Assignment >> Pictures stay out; everything else from the first line of the entries down through the line with "En ese contexto, la" gets copied exactly.

■ ■ ■

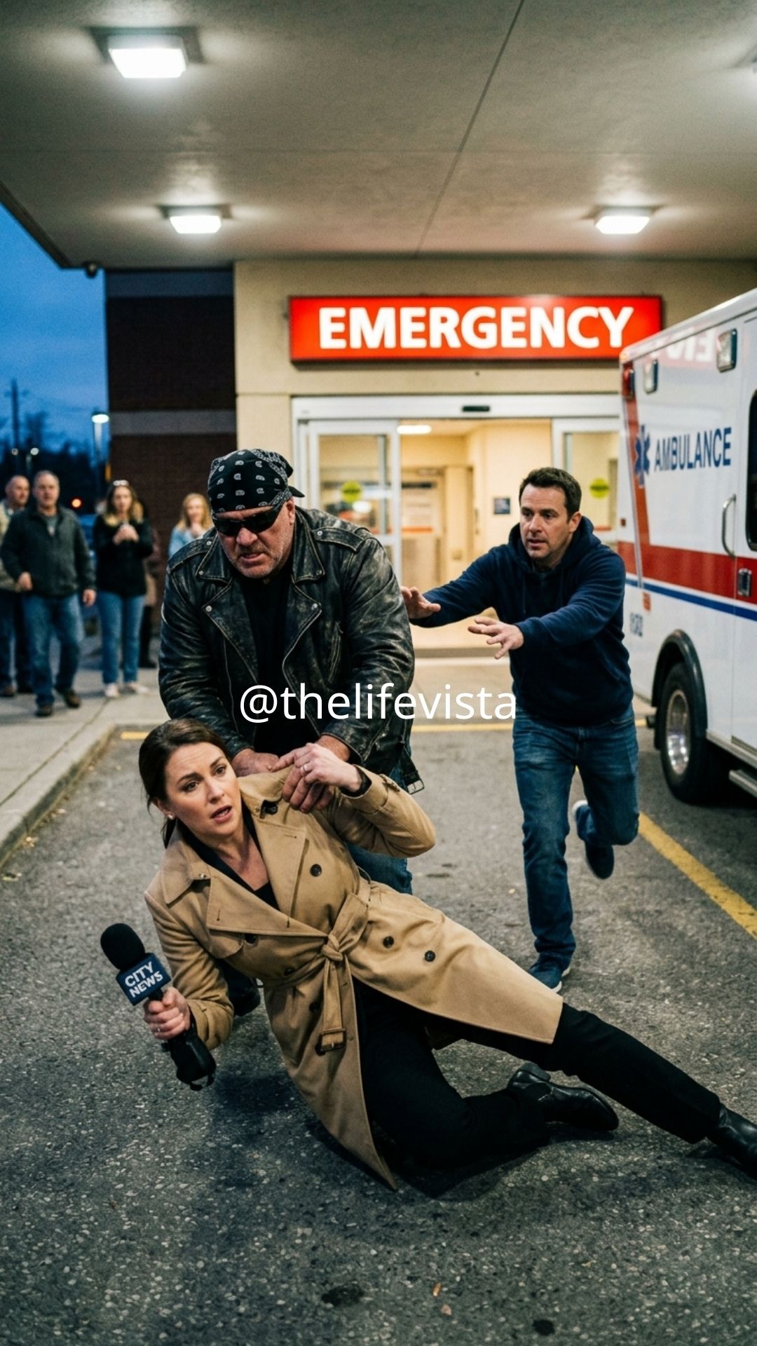 Leather-Clad Biker Knocks Reporter During Live Broadcast — the phrase exploded across Ohio before most people had even finished their morning coffee. By lunchtime, it was trending nationwide. By evening, thousands had already judged him guilty, replaying the same twelve seconds as if repetition could substitute for understanding. The video was short, chaotic, and perfectly cut for outrage. A muscular biker in a sleeveless leather vest lunged forward and shoved a young female reporter to the pavement during a live broadcast outside St. Matthew’s Medical Center in Cleveland. Her phone spun out of her hand. The livestream tilted to the sky. Gasps. A shout: “Call the police!” It looked brutal. It looked deliberate. It looked like a man attacking the press in broad daylight, and in an era built on immediacy, looking guilty was often indistinguishable from being guilty.
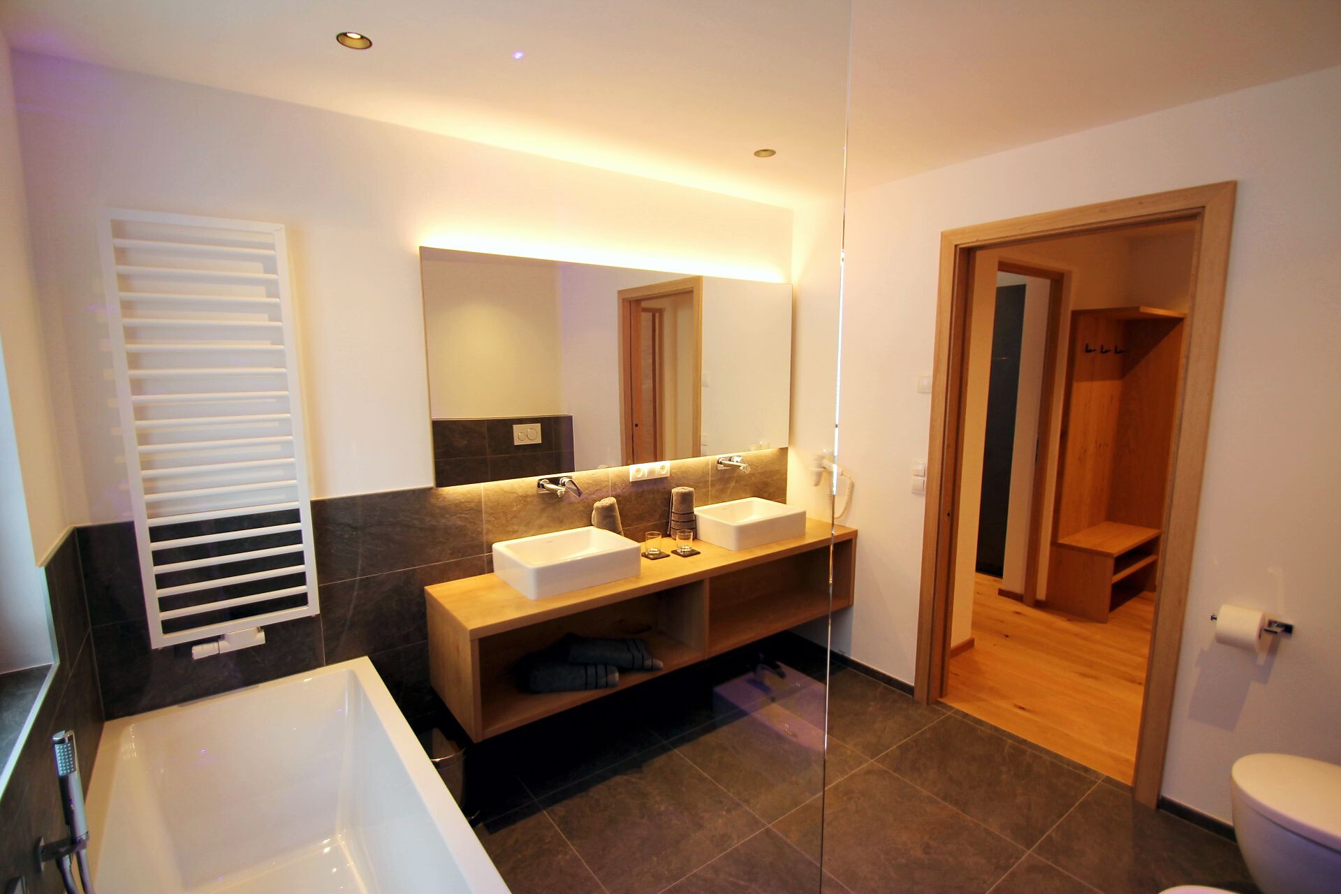 Einzelbett, Doppelbett, Babybett, Doppelschlafcouch, Balkon, Terrasse, Barrierefrei, Bettwäsche vorhanden, Safe, Nichtraucher-Apartment, Wohnküche, Kaffeemaschine, Geschirrspülmaschine, Elektroherd, Mikrowelle, Geschirrausstattung, Kochfeld, Dusche/Bad, Bidet, Haarfön, Badetücher, Badewanne, Ferienwohnung mit Sauna, Ferienwohnung mit Infrarotkabine, TV, Satellit/Kabel, WLAN, Internetanschluss, Haupthaus, Panoramablick
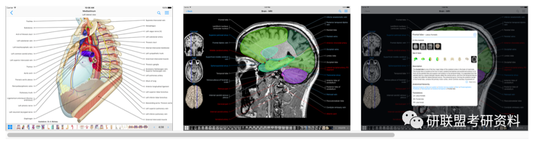 IMAIOS e-Anatomy是针对医生、放射科医生、医学系学生及放射师而设的人体解剖图集。e-Anatomy来自于获奖的线上解剖图集e-Anatomy,可以在手机或平板上浏览最详尽的人体解剖参考 。e-Anatomy收藏了超过37万5千个解剖结构,以及超过5千4百个已翻译的医学标签。里面有一共5个图片单元:CT、MRI、放射影像、解剖图示及核子影像。单元主题包括颞骨岩部CT、脸部CT、脊髓图示、淋巴结CT、动脉CT和图示、骨盆MRI等。
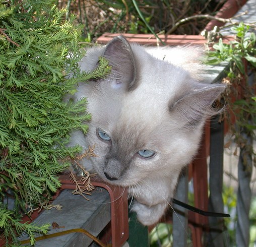 Leelee mit ca. einem Jahr an ihrem Lieblingsort, dem Bett (links) und in den Blumenkästen
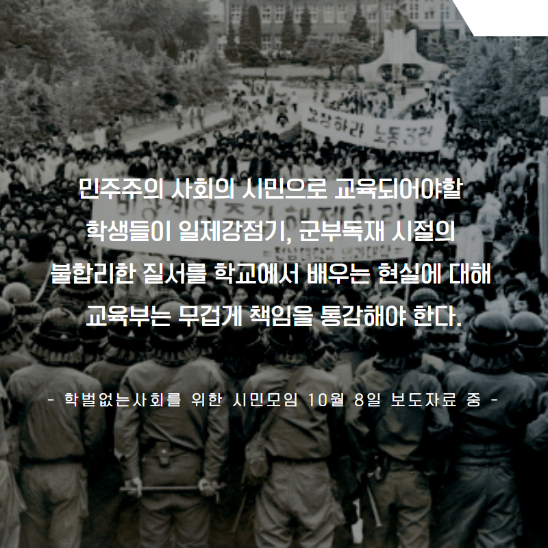 | [카드뉴스] 교육현장 친일잔재 청산, 평화적 관점이 필요하다 (0) | 2019.10.11 |
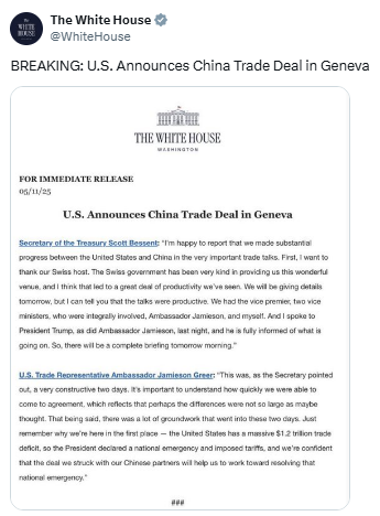 En ese contexto, la Casa Blanca emitió en comunicado, en donde informan el «humo blanco» alcanzado por ambas naciones. El secretario del Tesoro de EE. UU., Scott Bessent, señaló que las «conversaciones fueron productivas», y al mismo tiempo, informó que ha mantenido comunicación inmediata con Donald Trump sobre los acuerdos que se darán a conocer recién en unas horas.
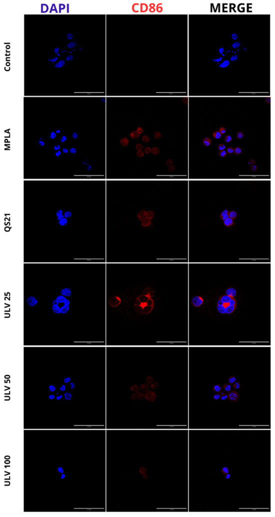 Qualitative analysis of CD86 protein expression in HL60 cell line differentiated into macrophages, incubated with different concentrations of vaccine adjuvants and crude ulvan. The indirect immunofluorescence method uses a primary antibody against CD86 and a secondary antibody, Alexa Fluor 647. The staining of membranes expressing CD86 protein in HL60 macrophage-differentiated cells is shown in red. The cell nuclei stained with DAPI are shown in blue.
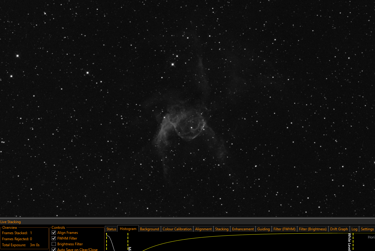 Bon j'ai du relancer le halpha car comme d'hab, SC n'avait pas activé le refroidissement de la cam malgré l'indicateur sur on. C'est un bug que j'ai signalé qd SC se plante et qu'on le redémarre mais bon... pas corrigé
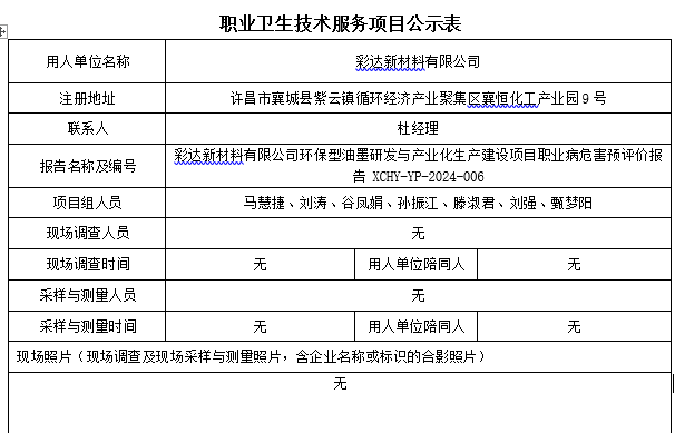 彩达新材料有限公司环保型油墨研发与产业化生产建设项目职业病危害预评价报告

■ ■ ■

Response >>
 Leather-Clad Biker Knocks Reporter During Live Broadcast — the phrase exploded across Ohio before most people had even finished their morning coffee. By lunchtime, it was trending nationwide. By evening, thousands had already judged him guilty, replaying the same twelve seconds as if repetition could substitute for understanding. The video was short, chaotic, and perfectly cut for outrage. A muscular biker in a sleeveless leather vest lunged forward and shoved a young female reporter to the pavement during a live broadcast outside St. Matthew’s Medical Center in Cleveland. Her phone spun out of her hand. The livestream tilted to the sky. Gasps. A shout: “Call the police!” It looked brutal. It looked deliberate. It looked like a man attacking the press in broad daylight, and in an era built on immediacy, looking guilty was often indistinguishable from being guilty.
 Einzelbett, Doppelbett, Babybett, Doppelschlafcouch, Balkon, Terrasse, Barrierefrei, Bettwäsche vorhanden, Safe, Nichtraucher-Apartment, Wohnküche, Kaffeemaschine, Geschirrspülmaschine, Elektroherd, Mikrowelle, Geschirrausstattung, Kochfeld, Dusche/Bad, Bidet, Haarfön, Badetücher, Badewanne, Ferienwohnung mit Sauna, Ferienwohnung mit Infrarotkabine, TV, Satellit/Kabel, WLAN, Internetanschluss, Haupthaus, Panoramablick
 IMAIOS e-Anatomy是针对医生、放射科医生、医学系学生及放射师而设的人体解剖图集。e-Anatomy来自于获奖的线上解剖图集e-Anatomy,可以在手机或平板上浏览最详尽的人体解剖参考 。e-Anatomy收藏了超过37万5千个解剖结构,以及超过5千4百个已翻译的医学标签。里面有一共5个图片单元:CT、MRI、放射影像、解剖图示及核子影像。单元主题包括颞骨岩部CT、脸部CT、脊髓图示、淋巴结CT、动脉CT和图示、骨盆MRI等。
 Leelee mit ca. einem Jahr an ihrem Lieblingsort, dem Bett (links) und in den Blumenkästen
 | [카드뉴스] 교육현장 친일잔재 청산, 평화적 관점이 필요하다 (0) | 2019.10.11 |
 En ese contexto, la Casa Blanca emitió en comunicado, en donde informan el «humo blanco» alcanzado por ambas naciones. El secretario del Tesoro de EE. UU., Scott Bessent, señaló que las «conversaciones fueron productivas», y al mismo tiempo, informó que ha mantenido comunicación inmediata con Donald Trump sobre los acuerdos que se darán a conocer recién en unas horas.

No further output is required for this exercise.